What effect are mobile phones having on your adolescent's brain?
A new British study just announced today will investigate whether the use of wireless technologies might affect children’s cognitive development. To date, scientist say they remain uncertain as to whether children’s developing brains are "more vulnerable than adults’ brains, due to their developing nervous system, enhanced absorption of energy in head tissue, and increased cumulative exposure over their lifetime."
The independent three year study led by researchers from Imperial College London starts in September and is the largest of its kind. Named the Study of Cognition, Adolescents and Mobile Phones (SCAMP), scientists plan to measure memory and attention in approximately 2500 students from more than 160 secondary schools in the London area starting at ages 11 to 12 years old.

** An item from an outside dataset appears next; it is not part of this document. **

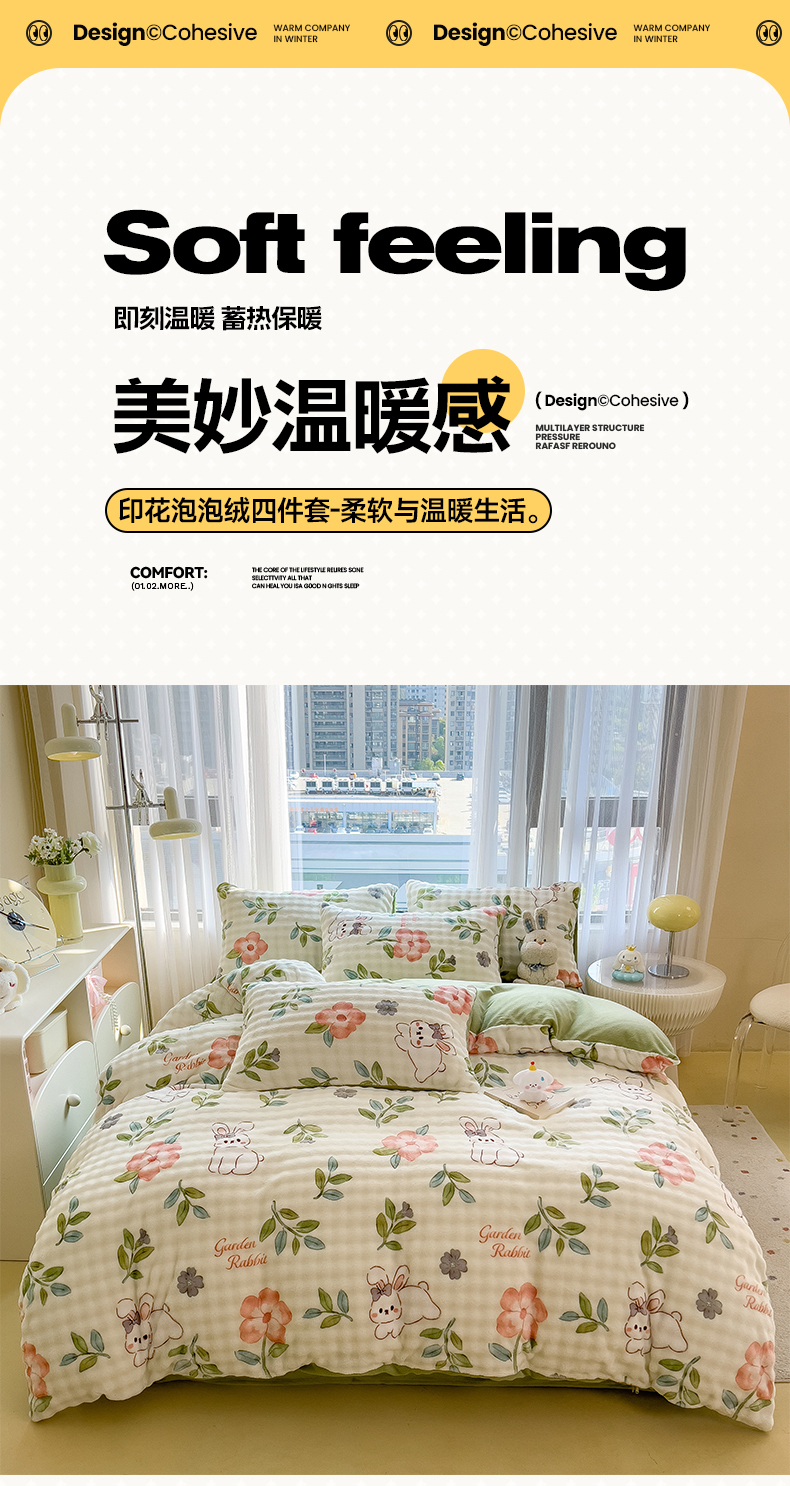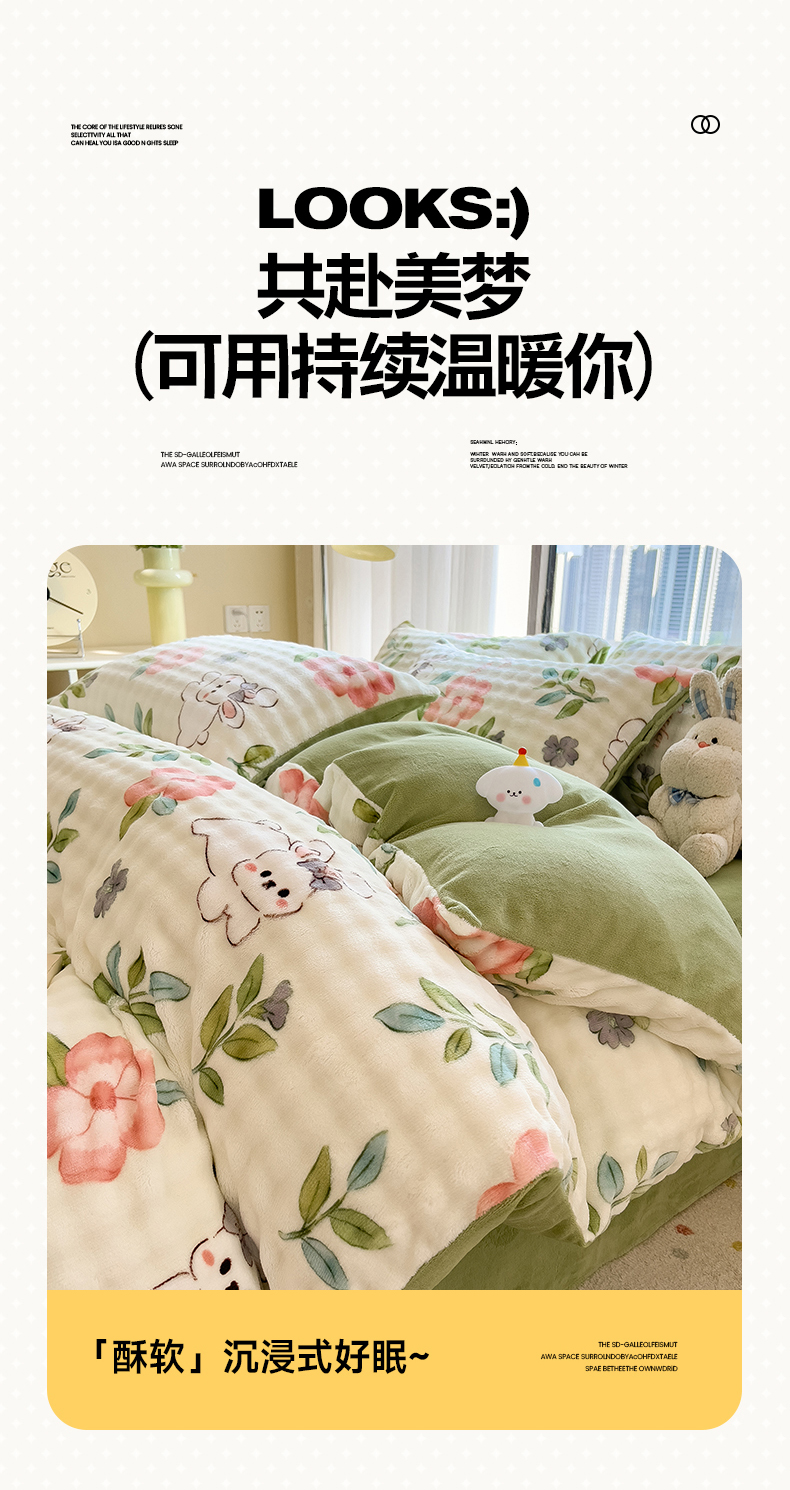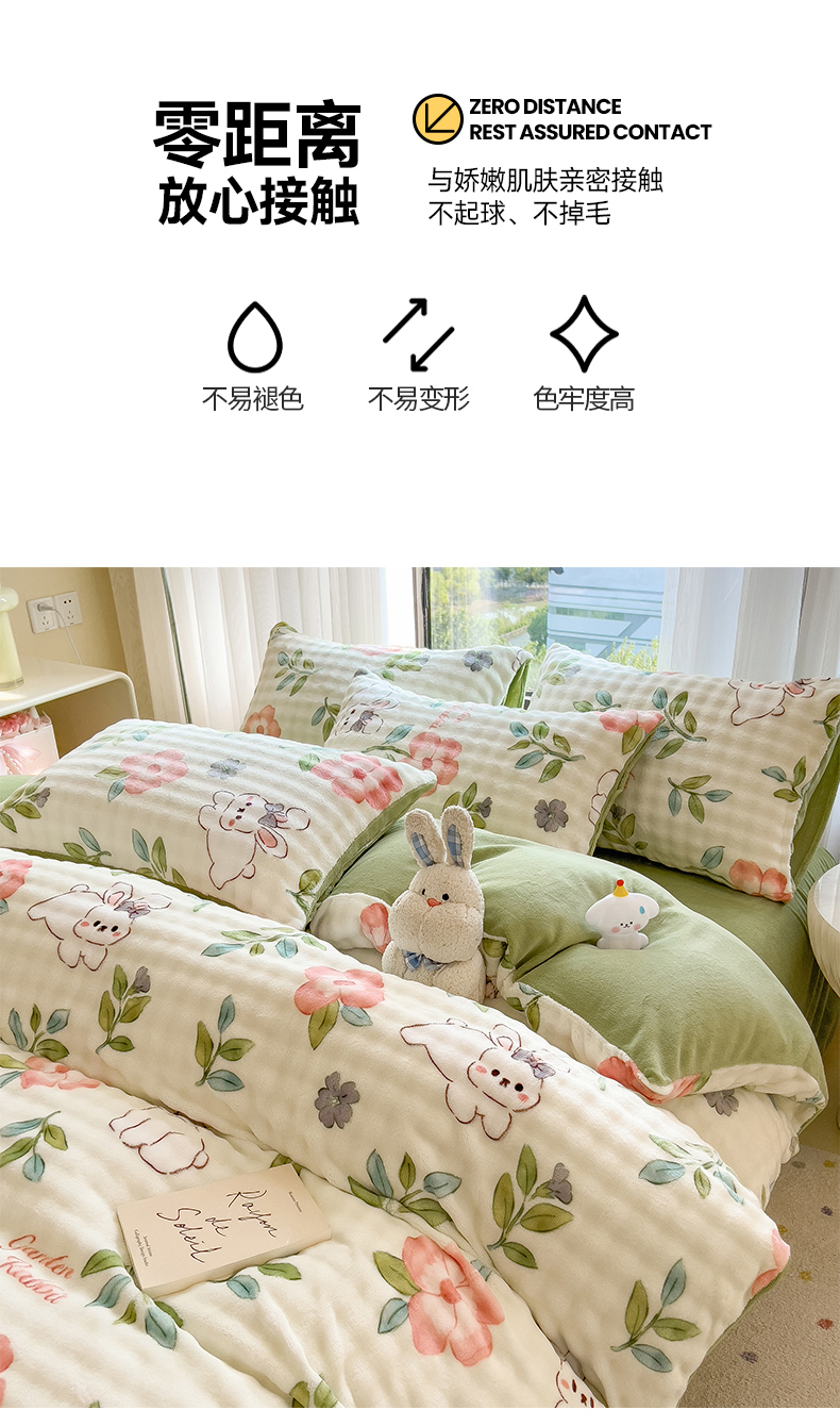 当前位置: 91家纺网 > 商品网购 > 床品套件 > 四件套 > 牛奶绒四件套 > 摩妮卡 2025新款小清新加厚260克牛奶绒泡泡绒四件套 暮雅

According to researchers in the UK, 70 percent of 11 to 12 year olds and 90 percent of 14 year olds own a mobile phone. Professor Paul Elliott, Director of the MRC-PHE Centre for Environment and Health at Imperial College London, and co-investigator of the study, says “Scientific evidence available to date is reassuring and shows no association between exposure to radio frequency waves from mobile phone use and brain cancer in adults in the short term (less than 10 years of use). But the evidence available regarding long term heavy use and children’s use is limited and less clear.” Researchers say only two European studies have focused on childhood cancers and mobile phone use. One reported no association and the other is ongoing.